# First major injury yesterday---Sternum/Ribs..



## Roanoke4 (Aug 2, 2010)

Well, I finally managed to hurt myself after a good number of years riding without any major injuries to speak of. I was riding alone on a trail that I've ridden many times prior with no issues at all. In fact, it was a trail that I often use as my warm up loop that I literally could do blindfolded. Anyway there is one technical section, which involves a steep, narrow climb with a couple of huge roots to deal with at not-so-great angles. Normally I simply power through them, and occasionally I'll unclip on wet days as I'll lose traction, and walk a few steps then continue.

Anyway, I approached as usual and it all happened in a flash---I found myself stopped and suddenly falling over and my first thought was, "ok, no big deal...unclip and you'll be fine." But, for whatever reason, I couldn't clip out and I found myself going down hard with bike in tow. Even worse, the handlebars turned towards me and the butt end of the handlebar absolutely drilled me flush in the sternum....like someone taking a broomstick and jabbing you right in the chest with a lot of force. It was the craziest thing...I somehow found myself falling down onto the pointed end of the handlebar, which even now I have no clue how that happened. Anyway, I immediately heard a snap and lost my breath for a few seconds, which is quite scary when you're in the middle of the woods alone with no one else in sight.

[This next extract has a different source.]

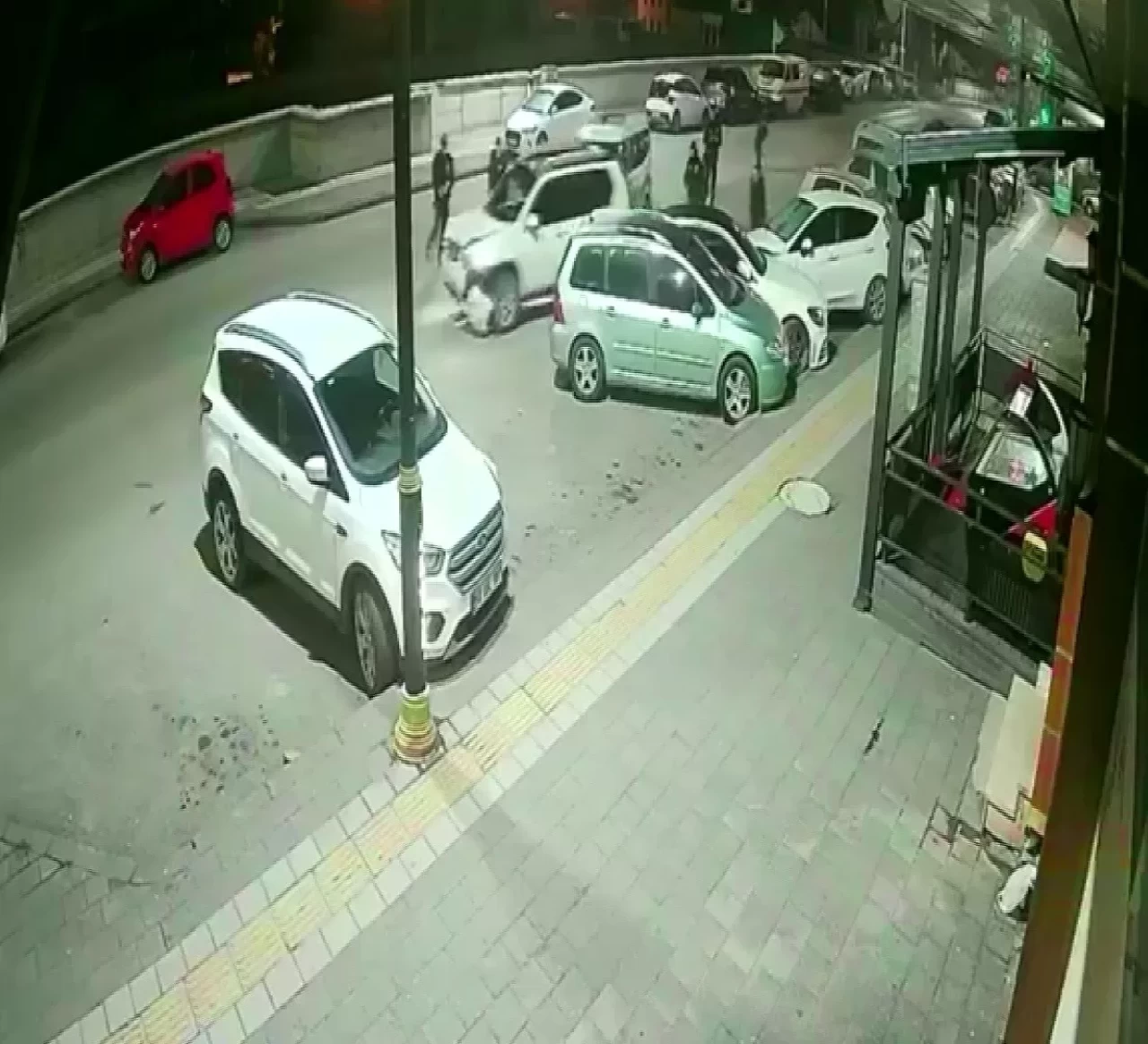 Öte yandan, yaşanan olay çevredeki bir iş yerinin güvenlik kamerasına yansıdı. Görüntülerde, güvenlik görevlileri ve polis ekiplerinin aracı durdurmaya çalıştığı, sürücünün ise kaçmaya devam ederek ekip aracı ve park halindeki otomobillere çarptığı anlar yer aldı. Ayrıca, polis ekiplerinin kaçan aracı durdurmak amacıyla lastiklerine ateş ettiği anlar da kameralara yansıdı.

Long story short, I slowly walked back to the car with labored breathing and extreme pain, and after talking to my doctor brother, he said there's really nothing you can do and be prepared for your life to basically suck for the next 4-6 weeks or so. He wasn't kidding. Last night I slept in a slight recline position in a living room chair, with Advil helping to take a bit of the edge off the pain. No fun and I only slept a little more than an hour in total. Overall, I feel like a complete idiot and basically a DA for allowing this to happen to myself, and can't believe I won't be riding for a while during these glorious fall days. This weekend is supposed to be sunny with highs in the mid 60's...come Saturday I'm going to be an utter mess that nobody (especially my wife) will want to be around as I think about all the riding I'm missing out on.

Anyone else have any similar injury experiences as me?


----------



## xcguy (Apr 18, 2004)

I never messed up my sternum (did break some ribs once) but I've crashed plenty on what I'd call familiar trails, sometimes really badly. Multiple things "that have never happened before" come together in an instant and down you go, injured.

Just beg your friends and family not to tell jokes for the next two months because I bet laughing hurts like a sumb!tch.


----------



## raceline (Sep 8, 2004)

*Strava made me do it *

i too crashed hard last night on a trail i ride all the time , i was trying to better my position on strava (went from 10th to 9th) although i crashed in to the hill side going fast and came to a complete stop via my elbow to my ribs , pain is killing me & it hurts to breathe


----------



## xcguy (Apr 18, 2004)

The Strava Defense.


----------



## bluedirt (Oct 15, 2012)

ouch!


----------